First off, I want to go on record as saying that Her Fearful Symmetry, by Audrey Niffenegger is probably one of the hardest reviews for me two write. I try, sometimes in vain, not to include spoilers in my reviews. In this case, spoilers are a definite no-no, seeing as how widely popular this book is coupled with the fact that the book will not be as fun to read if you know all of its secrets. However, the twists and turns in the plot are really the whole crux of the book for me and I’m dying to discuss them. So you can see what kind of conundrum I’m facing!
I want to start off by saying that I wasn’t immediately transformed by this book. I read the first half thinking, OK, really, what is all the hype about?! I mean, it was ok, but certainly not any better than any other books I’ve read recently. But then, all of a sudden, I was entranced. I could not.put.it.down. I read for about five hours straight yesterday and I REFUSED to go to sleep without having finished this book. And I’ve said this before—I am completely gullible. I am always gobsmacked by strange plot twists, even those that others say they saw coming from miles away. Such was the case with this book.

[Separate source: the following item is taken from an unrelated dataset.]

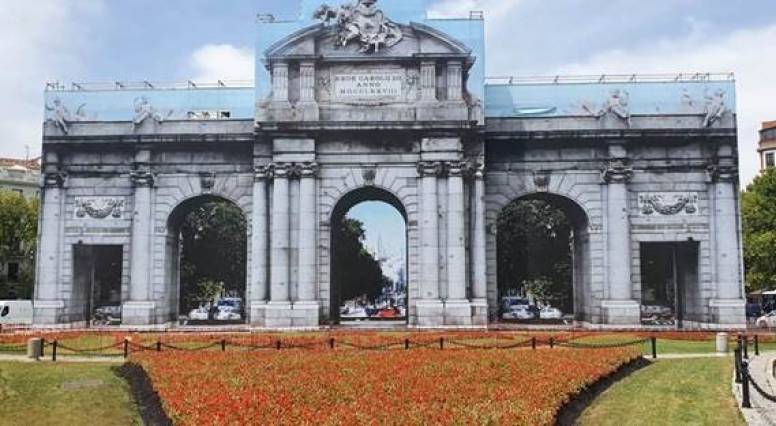 Sundisa ha llevado a cabo un complejo proceso de producción e instalación para inmortalizar la Puerta de Alcalá sobre una lona de gran formato, cubriendo el andamio exterior colocado por trabajos de restauración. El resultado es una imagen de calidad superior, una recreación exacta a partir de una veintena de fotografías en alta resolución de 2.200 metros cuadrados de superficie que, observada a cierta distancia, parece la puerta original.
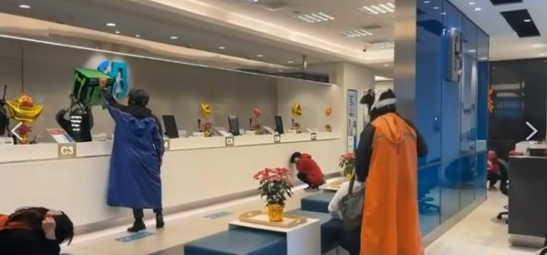 歹徒2名趁銀行即將打烊之際,穿著雨衣騎乘1輛機車,

Her Fearful Symmetry is the story of twenty-one year old twins Valentina and Julia. V&J live in Chicago with their parents Edie and Jack, although Edie is originally from London and she herself has a twin, Elspeth, who has just died. E&E haven’t spoken in over two decades, although they have secretly corresponded through letters. Once Elspeth dies, she wills her English flat to V&J with the stipulation that they must live in the flat for a year together before selling it and that their parents are not allowed inside the flat, which borders Highgate cemetary. V&J know that their mother and Aunt Elspeth haven’t spoken in decades, but they don’t know why. Meanwhile, they arrive in London where they meet Elspeth’s young lover, Robert, who lives in a flat below them, and Martin, a man suffering from severe OCD who lives in the flat above them. Much is made of the significance of twins and how they cope with being enveloped in duality. Not only was that part of the plotline, but it added a kind of mystique. I am not at all familiar with the emotional aspects of being a twin, so that was interesting for me to read.
As for the characters, I personally didn’t care for any of them, with the exception of Robert. I fell in love with him. Literally. He is the type of guy I would go for in real life. Lucky for my boyfriend, he only exists in this book! I couldn’t understand what he saw in Elspeth or his other love interest in this book (see—I’m doing my best not to spoil anything!). Meanwhile, Martin was overwhelmingly frustrating to me. I think Niffenegger did an excellent job portraying his mental illness, because oftentimes people in his situation do choose to forgo medication even when they know they are being consumed by their illness. At the same time, because it was so believable, I grew angry at his resistance much as I would with someone in real life. Perhaps that’s not fair, but I have a tendency to react that way at times only because you want to help people like that and when they refuse to accept the help, you can’t help but feel indignant.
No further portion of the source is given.